Introduction to Character set encoding in Java (iii) GB2312,GBK and Chinese web pages

Source: Internet
Author: User
Tags character set html page

GB2312 is a very important word for China's developers, and the ins and outs of it do not need me to repeat them here, and to be clear and correct goolge. I just want to mention that the previous section says that coded character sets and character set encoding are not the same thing, and that some character set coding does not actually do anything, GB2312 is just such an object!

GB2312 initially refers to a coded character set that contains the English characters included in ASCII, plus 6,763 Simplified Chinese characters and some other symbols other than ASCII. As with Unicode there are UTF-8 and UTF-16 (of course, UTF-8 and UTF-16 are not qualified to encode only Unicode, in fact, you can use it to encode the video is OK, but the file is not the editor of the player Support, haha), GB2312 also has its own coding scheme, but this scheme uses the number of a character in GB2312 as a store value (similar to the UTF-32 approach), so the coding scheme doesn't even have a formal name. When we talk about GB2312 everyday, we often refer to this character set, also refers to this coding scheme.

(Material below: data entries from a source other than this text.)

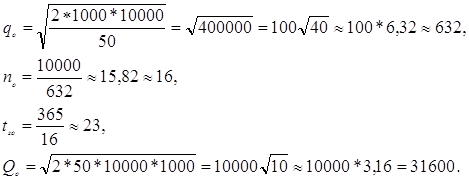 Итак, оптимальный размер одной поставки равен 632 тонны, количество поставок nо равно 16, время tso между двумя последовательными поставками равно 23 дня, а минимальные суммарные расходы составят 31600 рублей.
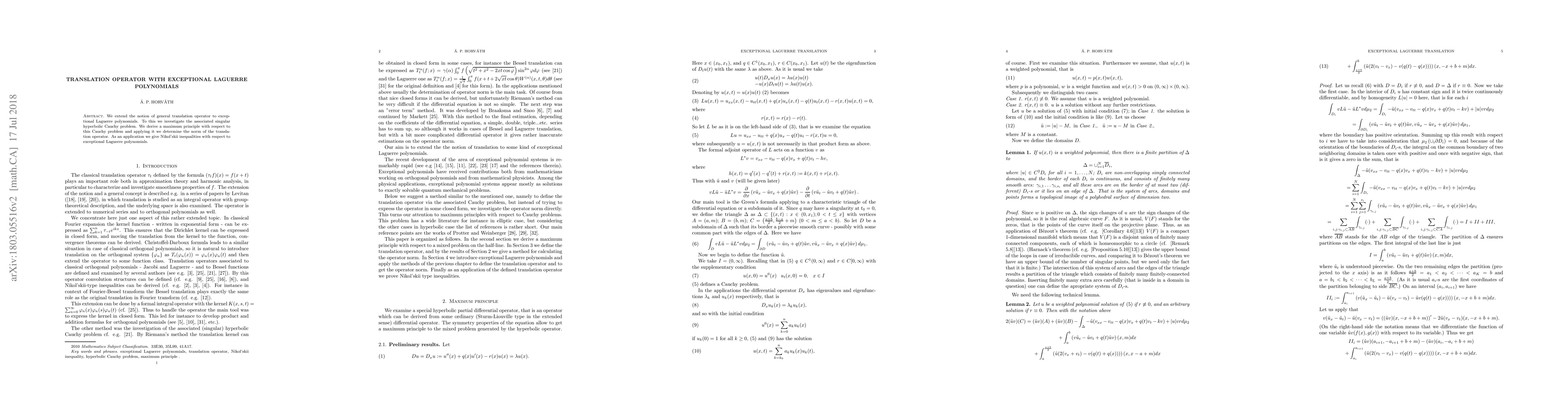 This paper extends the translation operator concept to exceptional Laguerre polynomials, deriving a maximum principle for the associated singular hyperbolic Cauchy problem and determining the norm of the translation operator. It also provides Nikol'skii inequalities for these exceptional Laguerre polynomials.
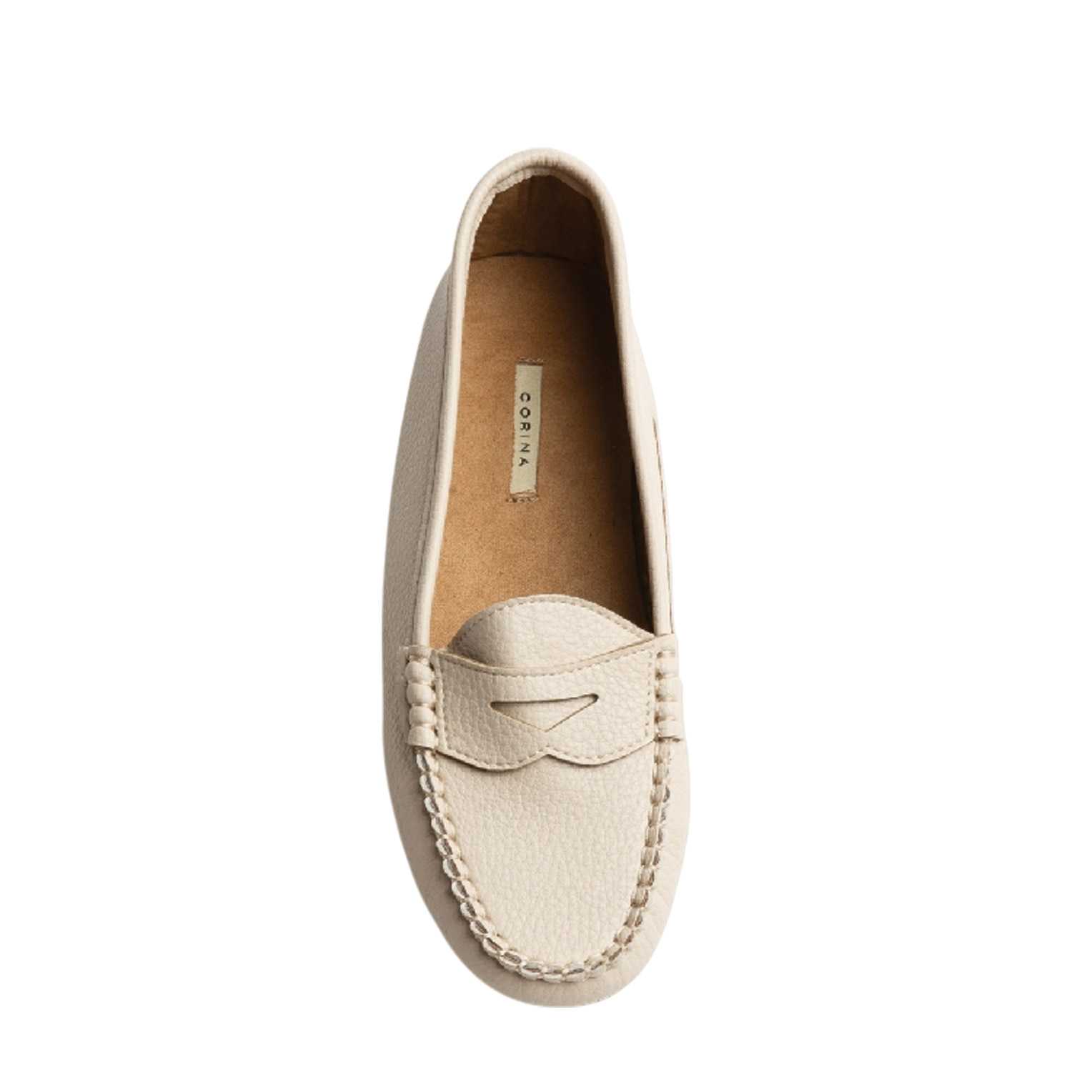 Corina γυναικείο μοκασίνι, σε μπεζ χρώμα, κατασκευασμένο από οικολογικό δέρμα. Ύψος τακουνιού 1,5εκ.
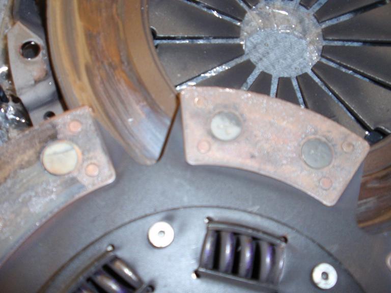 As you can see, there's lots of friction material just missing. One whole puck is missing all its friction material. And various others missing pieces of it.

GBK is a follow-up standard for GB2312, adding more Chinese characters and special symbols, and similarly, GBK is also referring to his character set and his coding.

GBK or the system default encoding of today's Chinese Windows operating system (which is the root of the garbled problem in almost all pages of the file).

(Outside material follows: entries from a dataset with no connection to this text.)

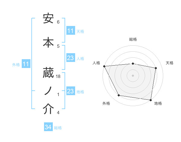 安本 蔵ノ介さんの地格は23画の5点!
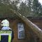 Diese Lagemeldung bestätigte sich: Niklas wirkt noch immer nach. Eine Fichte wurde entwurzelt, kippte aus nächster Nähe auf einen angrenzenden Bungalow und blieb auf Höhe des Dachfirsts hängen. Glücklicherweise wurde das Dach dabei nur in geringe Mitleidenschaft gezogen.
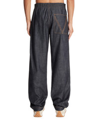 Bottega Veneta Indigo Straight-Leg Jeans. Cotton with an indigo rinsed wash, suede patch with the Intrecciato pattern on the back. Regular waist, straight-leg fit, button closure, regular fit. Pedro is 185 cm and he is wearing size 46. DETAILS Model: 837474V5SN04245 Composition: 100% Cotton Made in: ITALY Season: FW25-26
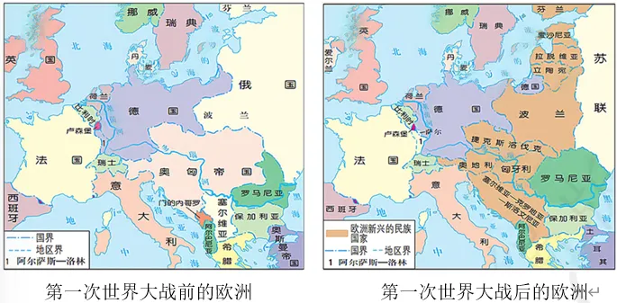 (1)比较材料一两幅地图,找出第一次世界大战前、后欧洲版图的2处变化(4分),并分析出现这2处变化的原因(4分)。
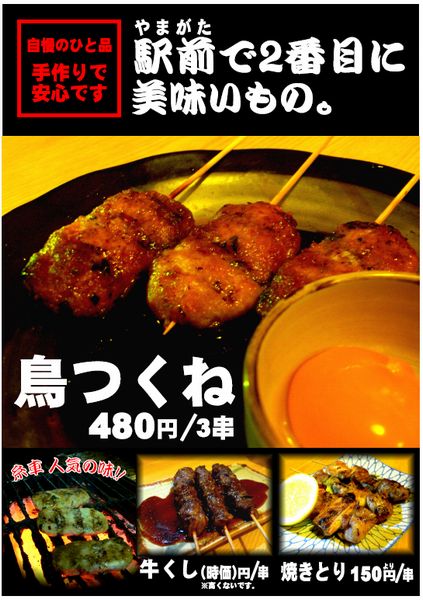 ・「駅前で2番目に美味いもの、あっがら、“つくね”、すんごく美味いんだぁ、いぐべっ!!」

We can verify this by using the following Java code:

Stringencoding=system.getproperty ("file.encoding");

SYSTEM.OUT.PRINTLN (encoding);

Output results are

GBK

What Isn't that what your output is? How can it be? It's over, my brand is going to smash, wait, you use the traditional version of XP? I mean, what the hell is your comrade doing here? To! To! )

When it comes to GB2312 and GBK, you have to put in the code for Chinese pages. While many of the newly developed web systems and new online Web sites are starting to use UTF-8, a significant portion of the Chinese media insists on using GB2312 and GBK, such as the Sina page. Two of these points are noteworthy.

First, the part of the META tag on the page can often be seen

charset=gb2312

In this way, unfortunately, this "charset" is actually used to specify what character set code the page uses, rather than what character set to use. For example, have you ever seen someone write "Charset=utf-8" and have seen someone write "charset=iso-8859-1", but have you ever met someone who wrote "Charset=unicode"? Of course not, because Unicode is a character set, not an encoding.

However, it is charset this name misled a lot of programmers, really think here to specify the character set, and thus make them further mistaken UTF-8 and UTF-16 is a character set! Fortunately, the XML has been modified, and this location has been changed to the correct name: encoding.

Second, the page says the GB2312, actually not really is GB2312 (surprised?) )。 Let's do an experiment, for example, find a GB2312 Chinese character "亸" (the word is really not in the GB2312, you can go to GB2312 's code table to find, guaranteed not to find), the word in the GBK. Then you put it in an HTML page, try to open it in the browser, and then choose the browser's code as "GB2312", what do you see? It's completely normal!

Conclusion I don't need to say you understand, the browser is actually using GBK to display.

Sina's page also has many such examples, everywhere writes the charset=gb2312, but uses the innumerable GB2312 characters which do not exist. This approach to browser display page is not a problem, but when the need to crawl the page and save the time to bring trouble, the program will not be based on the page "claimed" encoding to read and save, but only try to guess the correct encoding.

Contact Us

The content source of this page is from Internet, which doesn't represent Alibaba Cloud's opinion; products and services mentioned on that page don't have any relationship with Alibaba Cloud. If the content of the page makes you feel confusing, please write us an email, we will handle the problem within 5 days after receiving your email.

If you find any instances of plagiarism from the community, please send an email to: info-contact@alibabacloud.com and provide relevant evidence. A staff member will contact you within 5 working days.

A Free Trial That Lets You Build Big!

Start building with 50+ products and up to 12 months usage for Elastic Compute Service

  • Sales Support

    1 on 1 presale consultation

  • After-Sales Support

    24/7 Technical Support 6 Free Tickets per Quarter Faster Response

  • Alibaba Cloud offers highly flexible support services tailored to meet your exact needs.